I know from your posts that in order to adjust to the market conditions now we need to cut down on positions, may be not take as many positions and be ready to take profits earlier. You had also mentioned that being an option buyer with this high volatility is harder. Because of this do you also try to take more ITM options now then in a generally lower volatility environment? For example if you saw a setup now that you would have 6 weeks ago taken an OTM option on would you buy and ITM option to off set the overall volatility, and just buy a smaller number of contracts? ?

Wed, November 21, 2007 at 11:39AM | Unregistered CommenterAnu

I got booted out of my 3 long positions last week, so I'm just short 4 positions right now. I'll start looking around next week so see what looks good. I'll take Jeff's suggestion to look back.

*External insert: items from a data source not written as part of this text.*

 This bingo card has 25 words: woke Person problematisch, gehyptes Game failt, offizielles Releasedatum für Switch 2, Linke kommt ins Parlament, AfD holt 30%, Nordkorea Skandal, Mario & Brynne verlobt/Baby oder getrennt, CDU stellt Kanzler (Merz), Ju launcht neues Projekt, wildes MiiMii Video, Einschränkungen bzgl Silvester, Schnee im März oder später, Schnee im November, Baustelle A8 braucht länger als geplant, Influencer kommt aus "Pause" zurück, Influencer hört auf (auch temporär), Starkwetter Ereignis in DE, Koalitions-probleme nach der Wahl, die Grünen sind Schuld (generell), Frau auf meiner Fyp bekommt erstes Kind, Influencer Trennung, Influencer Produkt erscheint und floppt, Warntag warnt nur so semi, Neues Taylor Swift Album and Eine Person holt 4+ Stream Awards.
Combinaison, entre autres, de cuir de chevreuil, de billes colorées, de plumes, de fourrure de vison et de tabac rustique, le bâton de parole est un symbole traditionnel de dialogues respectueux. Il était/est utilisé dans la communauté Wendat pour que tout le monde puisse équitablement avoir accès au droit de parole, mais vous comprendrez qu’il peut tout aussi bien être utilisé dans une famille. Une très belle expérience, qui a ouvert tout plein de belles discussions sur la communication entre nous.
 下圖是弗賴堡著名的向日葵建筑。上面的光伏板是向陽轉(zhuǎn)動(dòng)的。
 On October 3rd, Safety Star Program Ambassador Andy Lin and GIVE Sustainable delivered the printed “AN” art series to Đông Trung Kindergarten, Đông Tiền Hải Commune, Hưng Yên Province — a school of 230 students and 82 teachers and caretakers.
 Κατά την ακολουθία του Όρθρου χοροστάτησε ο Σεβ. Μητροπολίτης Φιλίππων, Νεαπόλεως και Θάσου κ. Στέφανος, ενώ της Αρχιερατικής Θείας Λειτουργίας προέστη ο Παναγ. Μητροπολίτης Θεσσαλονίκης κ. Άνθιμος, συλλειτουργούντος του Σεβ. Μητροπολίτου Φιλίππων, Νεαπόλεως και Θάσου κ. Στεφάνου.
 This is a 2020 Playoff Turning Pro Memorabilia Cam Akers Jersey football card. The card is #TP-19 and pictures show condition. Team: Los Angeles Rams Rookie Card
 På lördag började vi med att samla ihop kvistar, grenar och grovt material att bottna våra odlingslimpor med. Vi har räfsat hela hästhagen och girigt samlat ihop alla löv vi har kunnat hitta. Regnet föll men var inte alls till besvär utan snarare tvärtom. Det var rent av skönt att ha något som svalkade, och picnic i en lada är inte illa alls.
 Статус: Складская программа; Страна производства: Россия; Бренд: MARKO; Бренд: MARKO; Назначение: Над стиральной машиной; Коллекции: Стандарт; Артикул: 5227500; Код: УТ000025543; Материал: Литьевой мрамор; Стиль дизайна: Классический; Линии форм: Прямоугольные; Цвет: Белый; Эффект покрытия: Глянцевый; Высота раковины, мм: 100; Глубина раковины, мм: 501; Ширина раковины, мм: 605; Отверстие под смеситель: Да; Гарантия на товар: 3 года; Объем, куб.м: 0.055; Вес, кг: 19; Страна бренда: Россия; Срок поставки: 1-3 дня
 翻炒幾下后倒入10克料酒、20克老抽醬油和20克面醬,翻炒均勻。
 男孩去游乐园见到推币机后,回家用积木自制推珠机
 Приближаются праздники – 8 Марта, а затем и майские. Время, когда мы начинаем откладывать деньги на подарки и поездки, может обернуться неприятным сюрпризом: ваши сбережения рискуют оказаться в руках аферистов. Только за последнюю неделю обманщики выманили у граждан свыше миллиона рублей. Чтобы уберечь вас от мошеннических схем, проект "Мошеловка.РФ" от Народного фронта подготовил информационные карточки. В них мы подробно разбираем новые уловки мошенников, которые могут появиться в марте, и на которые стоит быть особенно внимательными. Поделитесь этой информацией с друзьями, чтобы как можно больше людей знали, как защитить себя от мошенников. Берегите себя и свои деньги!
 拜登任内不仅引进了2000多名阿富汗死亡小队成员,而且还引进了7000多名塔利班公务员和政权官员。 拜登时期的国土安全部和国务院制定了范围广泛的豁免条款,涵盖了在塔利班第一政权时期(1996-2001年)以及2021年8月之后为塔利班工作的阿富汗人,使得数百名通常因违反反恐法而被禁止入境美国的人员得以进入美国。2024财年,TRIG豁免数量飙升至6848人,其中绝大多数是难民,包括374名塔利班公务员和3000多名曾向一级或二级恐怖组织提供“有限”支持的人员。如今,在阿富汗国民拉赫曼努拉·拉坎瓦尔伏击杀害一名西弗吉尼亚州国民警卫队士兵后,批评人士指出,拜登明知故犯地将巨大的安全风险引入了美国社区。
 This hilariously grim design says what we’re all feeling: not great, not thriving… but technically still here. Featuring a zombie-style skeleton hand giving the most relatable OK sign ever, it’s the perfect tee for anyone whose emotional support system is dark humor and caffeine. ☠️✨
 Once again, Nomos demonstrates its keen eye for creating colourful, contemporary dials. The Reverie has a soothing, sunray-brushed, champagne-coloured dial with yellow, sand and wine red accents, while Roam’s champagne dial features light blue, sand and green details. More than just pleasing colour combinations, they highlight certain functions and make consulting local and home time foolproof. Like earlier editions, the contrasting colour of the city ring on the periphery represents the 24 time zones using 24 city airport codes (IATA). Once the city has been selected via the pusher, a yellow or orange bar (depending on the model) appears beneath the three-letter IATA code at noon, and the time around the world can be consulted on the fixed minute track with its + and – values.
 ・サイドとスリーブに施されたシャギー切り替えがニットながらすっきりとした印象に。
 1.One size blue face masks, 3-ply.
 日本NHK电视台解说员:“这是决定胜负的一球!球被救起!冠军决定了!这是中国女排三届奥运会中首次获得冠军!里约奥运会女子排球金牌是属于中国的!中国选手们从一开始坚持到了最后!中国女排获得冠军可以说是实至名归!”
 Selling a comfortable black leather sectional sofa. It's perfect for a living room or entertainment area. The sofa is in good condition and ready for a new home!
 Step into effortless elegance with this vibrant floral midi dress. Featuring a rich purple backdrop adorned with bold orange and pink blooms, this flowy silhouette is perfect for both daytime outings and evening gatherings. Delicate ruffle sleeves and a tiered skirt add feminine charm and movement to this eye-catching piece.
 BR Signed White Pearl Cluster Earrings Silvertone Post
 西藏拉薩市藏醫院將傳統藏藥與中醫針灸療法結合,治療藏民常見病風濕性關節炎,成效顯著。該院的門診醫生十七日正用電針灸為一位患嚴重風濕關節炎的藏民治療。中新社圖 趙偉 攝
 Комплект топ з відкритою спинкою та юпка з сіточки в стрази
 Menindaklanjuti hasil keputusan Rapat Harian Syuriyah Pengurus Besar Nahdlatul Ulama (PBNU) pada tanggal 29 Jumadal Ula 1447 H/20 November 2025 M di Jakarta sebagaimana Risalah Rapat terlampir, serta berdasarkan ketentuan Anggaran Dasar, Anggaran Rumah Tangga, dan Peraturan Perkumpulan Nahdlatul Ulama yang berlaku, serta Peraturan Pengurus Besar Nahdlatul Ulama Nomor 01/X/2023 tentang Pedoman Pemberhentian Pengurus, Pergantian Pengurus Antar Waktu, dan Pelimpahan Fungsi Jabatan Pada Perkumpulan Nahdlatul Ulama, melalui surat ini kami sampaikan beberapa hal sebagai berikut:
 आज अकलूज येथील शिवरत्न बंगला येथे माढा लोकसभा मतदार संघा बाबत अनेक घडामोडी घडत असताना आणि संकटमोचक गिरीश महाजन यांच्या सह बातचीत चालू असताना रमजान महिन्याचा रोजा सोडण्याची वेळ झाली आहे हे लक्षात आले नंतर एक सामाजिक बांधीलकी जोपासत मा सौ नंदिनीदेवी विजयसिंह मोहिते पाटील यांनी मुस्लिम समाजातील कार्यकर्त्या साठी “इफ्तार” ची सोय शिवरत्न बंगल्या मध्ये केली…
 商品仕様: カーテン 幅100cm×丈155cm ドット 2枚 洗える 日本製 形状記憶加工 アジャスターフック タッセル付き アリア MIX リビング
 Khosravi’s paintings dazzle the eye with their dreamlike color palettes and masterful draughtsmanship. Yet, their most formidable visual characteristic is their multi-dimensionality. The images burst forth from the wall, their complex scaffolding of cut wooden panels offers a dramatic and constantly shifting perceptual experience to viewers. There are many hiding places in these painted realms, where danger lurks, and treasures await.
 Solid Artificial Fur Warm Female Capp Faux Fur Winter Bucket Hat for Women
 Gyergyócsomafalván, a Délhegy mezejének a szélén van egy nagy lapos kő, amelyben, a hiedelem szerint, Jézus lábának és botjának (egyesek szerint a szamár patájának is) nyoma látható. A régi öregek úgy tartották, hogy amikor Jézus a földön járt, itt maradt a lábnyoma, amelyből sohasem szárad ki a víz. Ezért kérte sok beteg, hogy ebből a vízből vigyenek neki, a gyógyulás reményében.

Very bad memories of that time - stopped trading for 6 years becasue of it.

Cheers

Wed, November 21, 2007 at 11:44AM | Unregistered CommenterBean Town Dave

Anu,

Good question!

Wed, November 21, 2007 at 11:44AM | Unregistered CommenterGrace

Some ripe trades for today (many are Kohler favorites):

AGU and SGR are both confirming head and shoulders tops with a nice downward-sloping neckline.

AUXL is coiled up like a rattlesnake, hugging that lower trendline nicely.

BYI broke out yesterday and is holding the breakout nicely.

DRQ is ready to erupt upward.

JEC is very interesting, since your first inclination is to call it a topping pattern. However, it's also bounced off a strong lower trendline.

MICC is holding its trendline with a beautiful candle today. If this triangle does break out, you're way out in front of it.

STP is a phenomenal solar stock and is still within a large ascending triangle setup (the intraday is clearer)

WLT is holding horizontal and trendline support.

Don't get me wrong, I'm bearish like everyone else. But that should never keep you from going against the grain. There's so much bearishness out there, and we have sold off so hard so fast that we could get a decent move up before the eventual move down. 1400 is only 25 pts away and nibbling here may not be bad. Nothing moves in a straight line forever. Also, look at the Vix today. Not a lot of fear accompanying this move toward prior lows.

Wed, November 21, 2007 at 11:45AM | Unregistered CommenterBrett

Does anybody know if there is a way to plot math functions on the Prohet charts? I would like to make some better intraday A/D and breadth charts. Ideal charts would be $ADVN - $DECN and $UVOL - $DVOL. Presently I use comparison charts and watch how the line pairs spread/contract/crossover. I would really like to look at single lines.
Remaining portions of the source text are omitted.